Parents in Bellevue who divorce will likely co-parent their child together. If you are on good terms with your child’s other parent, it can be tempting to engage in chitchat about your daily life. Still, one study suggests that there are some topics that should be off-limits when co-parents communicate with one another.
Recent study examines co-parenting conversations
A study of 708 divorced parents explored how communication between parents following their divorce affects their children.

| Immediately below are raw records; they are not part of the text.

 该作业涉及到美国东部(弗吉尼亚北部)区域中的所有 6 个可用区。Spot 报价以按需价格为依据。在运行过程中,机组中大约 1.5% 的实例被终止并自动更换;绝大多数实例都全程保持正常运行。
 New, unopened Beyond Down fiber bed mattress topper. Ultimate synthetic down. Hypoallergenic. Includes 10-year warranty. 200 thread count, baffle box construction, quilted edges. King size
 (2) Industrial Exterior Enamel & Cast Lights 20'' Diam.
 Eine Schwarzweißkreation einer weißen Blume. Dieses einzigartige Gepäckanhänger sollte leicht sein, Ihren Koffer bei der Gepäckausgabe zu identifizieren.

The study suggests that if parents discussed the stressors of parenting with one another or discussed their post-divorce romantic life with one another, their child could potentially internalize this information to the detriment of the child’s behavior and mental health.
The study concluded that it may be healthier for parents to limit their conversations post-divorce to shared parenting issues.

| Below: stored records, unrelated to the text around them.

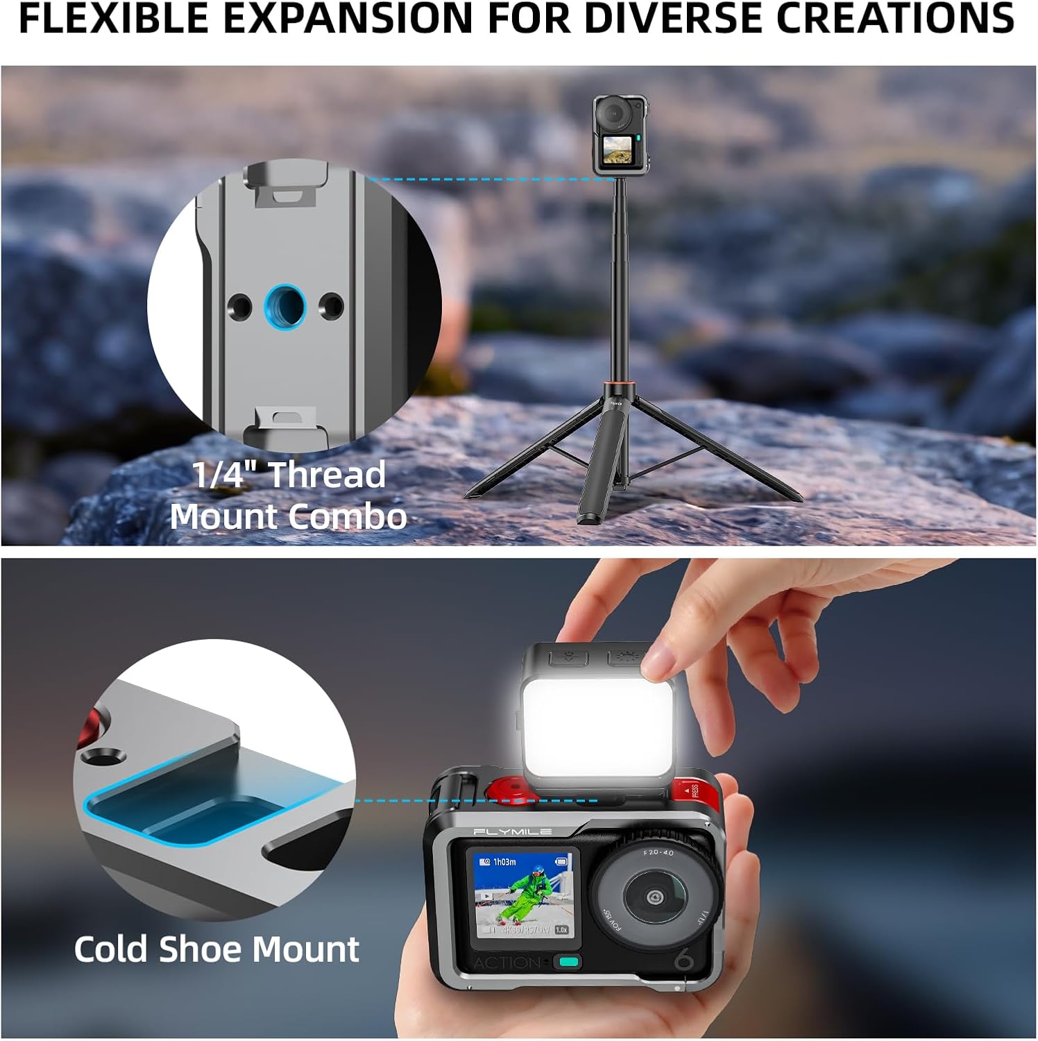 【Perfect Compatibility with Osmo Action 6】The protective bundle is tailor-made for DJI Osmo Action 6 camera, including Metal Cage *1, Front Screen Protector *1, Rear screen protector *1、lens Protector *1(with cleaning tools). All components are precisely molded in a 1:1 ratio, perfectly fitting the contour of the camera body without blocking any buttons or ports, ensuring unobstructed operation of all camera functions.
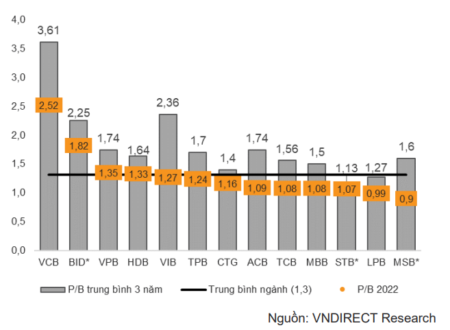 | Hầu hết P/B của các ngân hàng đang dao động dưới mức trung bình 3 năm. Nguồn: Báo cáo triển vọng ngành ngân hàng của VNDirect ngày 21/9 |
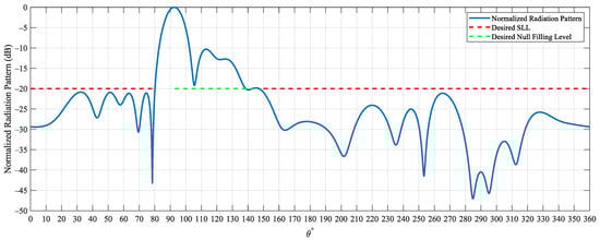 Normalized radiation pattern versus elevation angle at azimuth angle . The maximum value of the normalized radiation pattern (0 dB) corresponds to the actual maximum gain of the AMAA 13.9 dBi at (main lobe tilting by ). The red dash-line shows the desired SLL outside the service area, and the green dash-line shows the desired null filling level inside the service area. The optimal radiation pattern should be below the red dash-line and above the green dash-line.
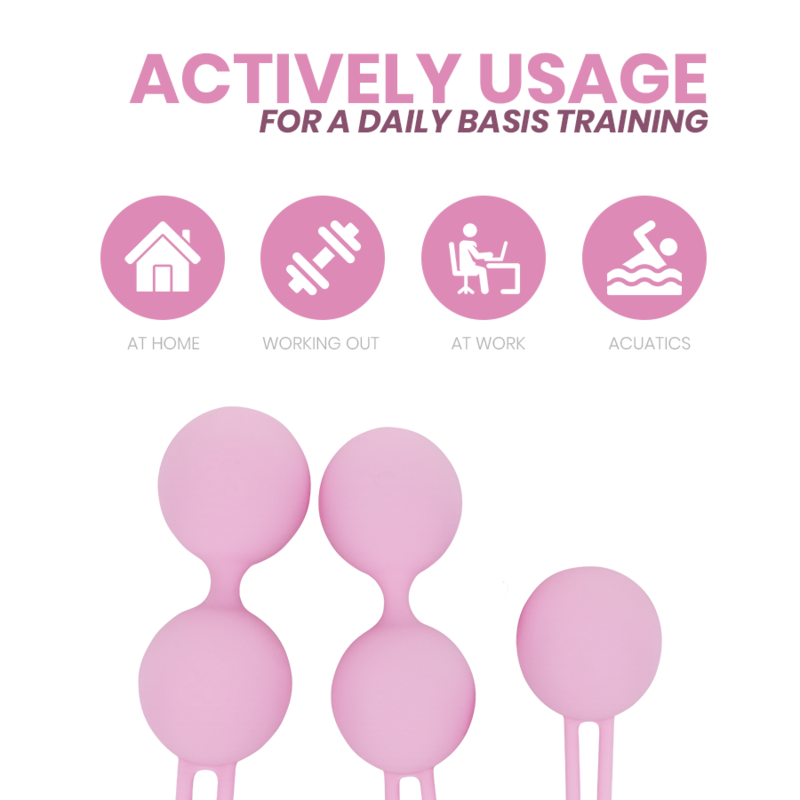 Salute del bacino intimichico II ; Basati sull'esecuzione degli esercizi di Kegel, sviluppati dal Dr. Arnold Kegel, sono una serie di contrazioni e rilassamenti vaginali che rafforzano il muscolo pubococcigeo (PC) e il gruppo muscolare del pavimento pelvico aumentando gradualmente i pesi.
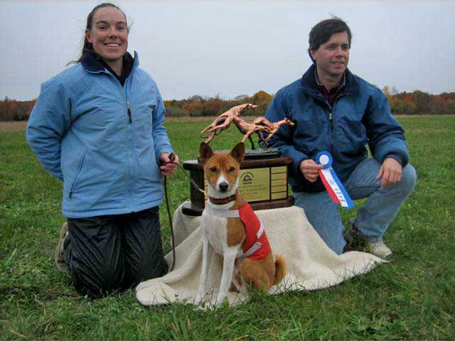 She got her first point on July 18th, 2012. Fiddle had all of her AKC Novice agility titles by her 2nd birthday. She is a Bred-by Champion. She has 4 GCH points. She is a BCOA Master Versatile Basenji.
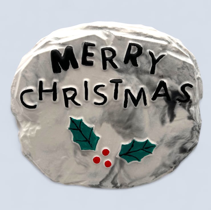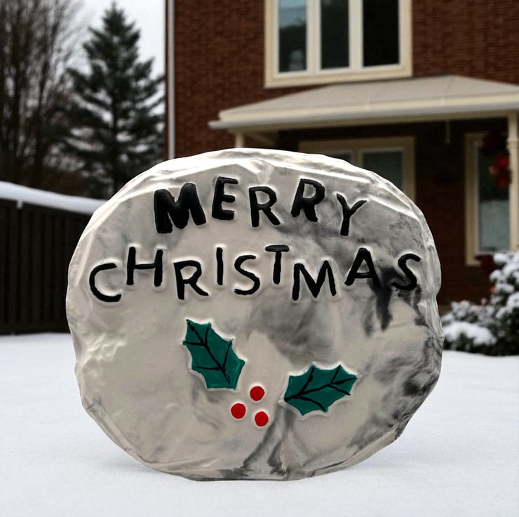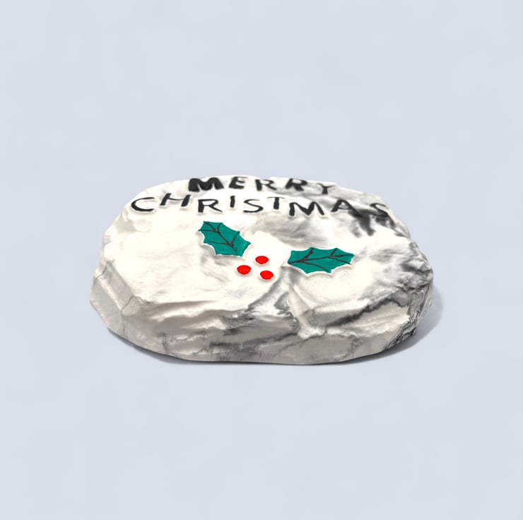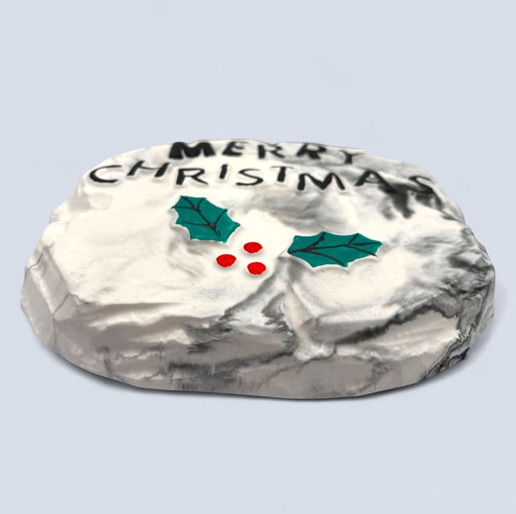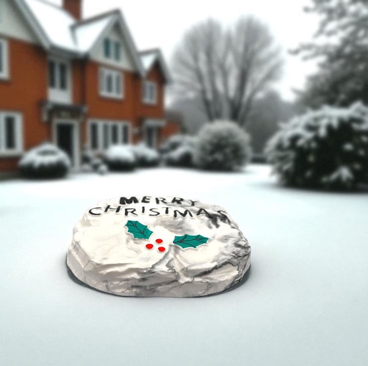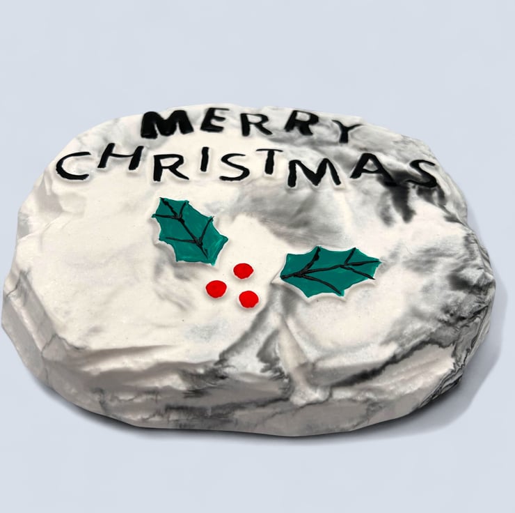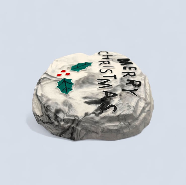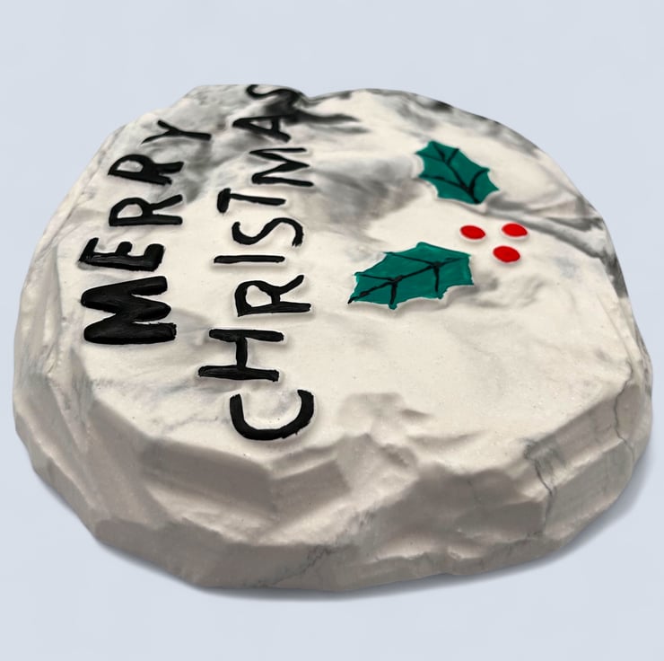 This handmade sign is designed to resemble a rock and features a striking black marbling pattern throughout. The raised lettering prominently displays the message, ‘Merry Christmas’, with a sprig of holly below which has been carefully hand-painted to enhance visibility.

Healthy post-divorce communication between parents
Communication is certainly an important part of co-parenting. Parents who choose to co-parent will have to find a productive and positive way to do so without creating unnecessary conflict.
Some parents can have regular face-to-face conversations post-divorce, for example, during child custody drop-off and pick-up. Doing so can show children healthy means of relating to one another, even if you are no longer in a romantic relationship with that person.
Some parents still find, however, that it is difficult to have in-person conversations following their divorce. These parents may choose to communicate via text or email instead. These are also healthy ways to work together as co-parents.
When you divorce your spouse, you do not divorce your child. You and your child’s other parents will have to work together to co-parent. Doing so can help encourage a healthy relationship between you as a parent and your child as your child grows post-divorce.